La dualidad de la sal como símbolo conservador y destructor se aplica tanto a las transmutaciones morales como a las físicas. Los romanos, tras la destrucción de Cartago, esparcieron sal por todos los campos que rodeaban la ciudad con la finalidad de volverlos estériles y áridos para siempre. Prueba de la dualidad mencionada es que, a su vez, en la antigua Roma se ponía sal en los labios de los lactantes para protegerles de cualquier peligro.
En la India, la sal era considerada como un potente afrodisíaco, estando prohibida a los matrimonios jóvenes y a los ascetas. Los brahmanes debían ser muy selectivos en su uso y éste estaba limitado a ritos de sacrificio muy específicos.
Desde el punto de vista de la brujería, se afirmaba que los demonios abominan la sal. Existen todo tipo de leyendas, algunas relativamente recientes, que señalan que en el «sabbat de las brujas» o aquelarre, a la hora del banquete ofrecido en comunión todos los manjares de la mesa habían sido cocinados sin sal.
La virtud protectora de la sal queda patente en las ceremonias sintoístas, cuyo culto es practicado por buena parte de la sociedad nipona. En uno de los libros sagrados, el Kojiki, en uno de los textos más antiguos sintoístas se nos explica que el kami (ser noble que puede vivir en planos sobrenaturales) Izanaki-no-Mikoto acude al estrecho de Tachibana para purificarse en el mar con agua y sal, pues volvía de visitar a su mujer en los infiernos.

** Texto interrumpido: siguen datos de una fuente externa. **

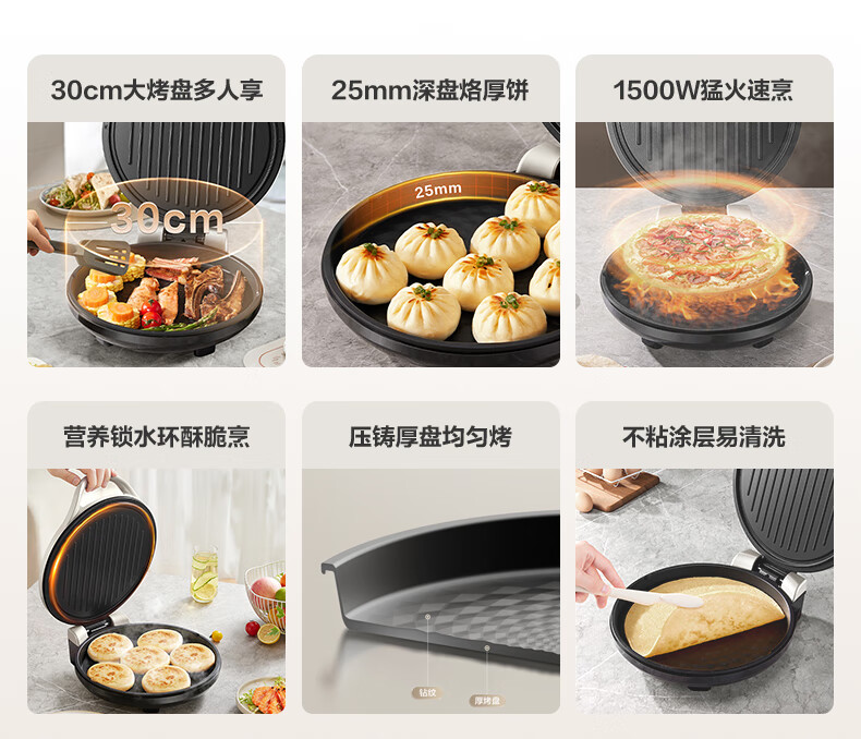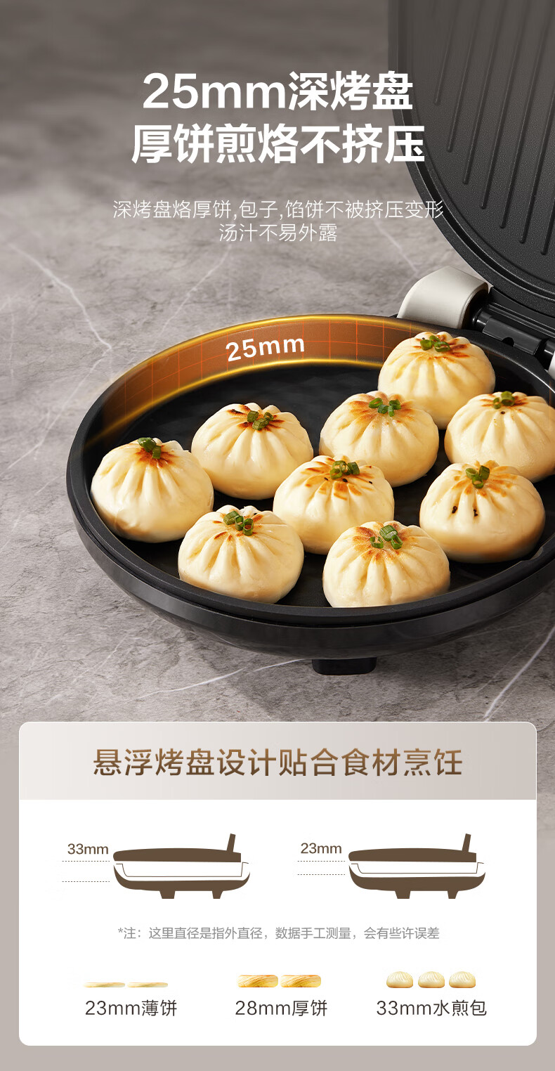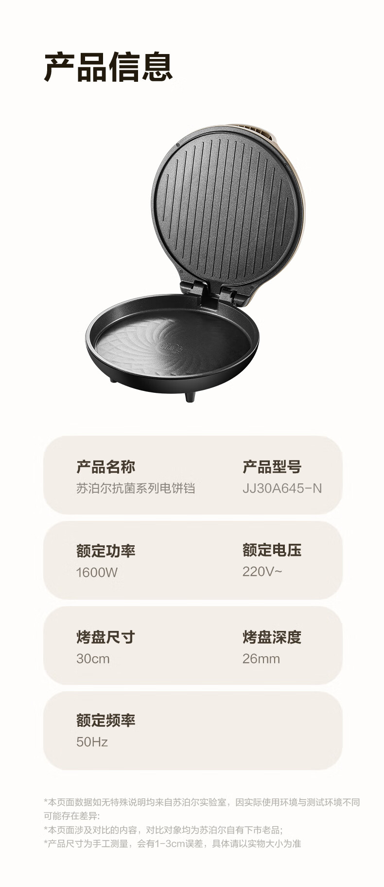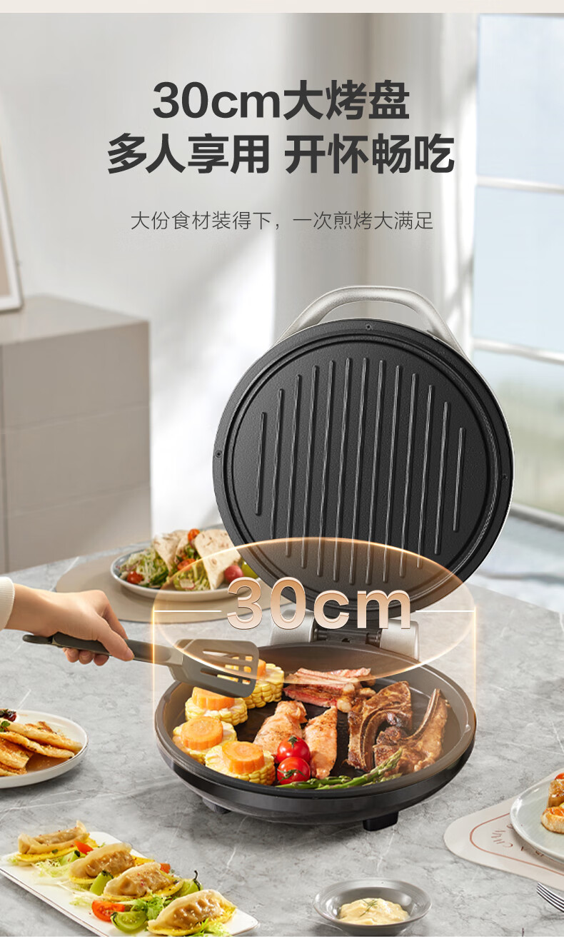 苏泊尔(SUPOR)电饼铛家用 电饼档双面加热煎饼锅 煎烤烙饼锅 早餐机抗菌烤盘 26mm加深 新老款随机发货 JJ30A645

En el Japón actual pervive la creencia de que la sal es una potente purificadora, particularmente la que se halla disuelta en estado natural en el agua de mar. Todavía hoy se mantiene viva la tradición japonesa de colocar a diario montones de sal en el umbral de la casa. La creencia indica que al hacerlo se purifica el hogar y se aleja de él a todo elemento perturbador. Esta práctica se realiza también en pozos que pueden estar poblados por demonios y en aquellos lugares que quieren mantenerse como espacios sagrados como el suelo tras las ceremonias funerarias.
Una antigua costumbre japonesa muy extendida en varios lugares de Europa consiste en fregar el suelo de la casa con agua salada tras la partida de una visita poco recomendable.
Curiosamente, la sal también es protagonista en el ámbito del deporte nipón. El Sumo es una de las artes marciales más antiguas del Japón y se acompaña siempre de un gran ritual sagrado. Una de las manifestaciones de dicho ceremonial es el desarrollo del rito de purificación sintoísta previo al combate. Consiste en que dos campeones, después de estirar y flexionar los músculos, cogen puñados de sal y la esparcen en cada uno de los ángulos del terreno de lucha. La finalidad es evidentemente purificadora, pero además la sal es un reclamo para que la lucha se desarrolle con limpieza y lealtad a las normas.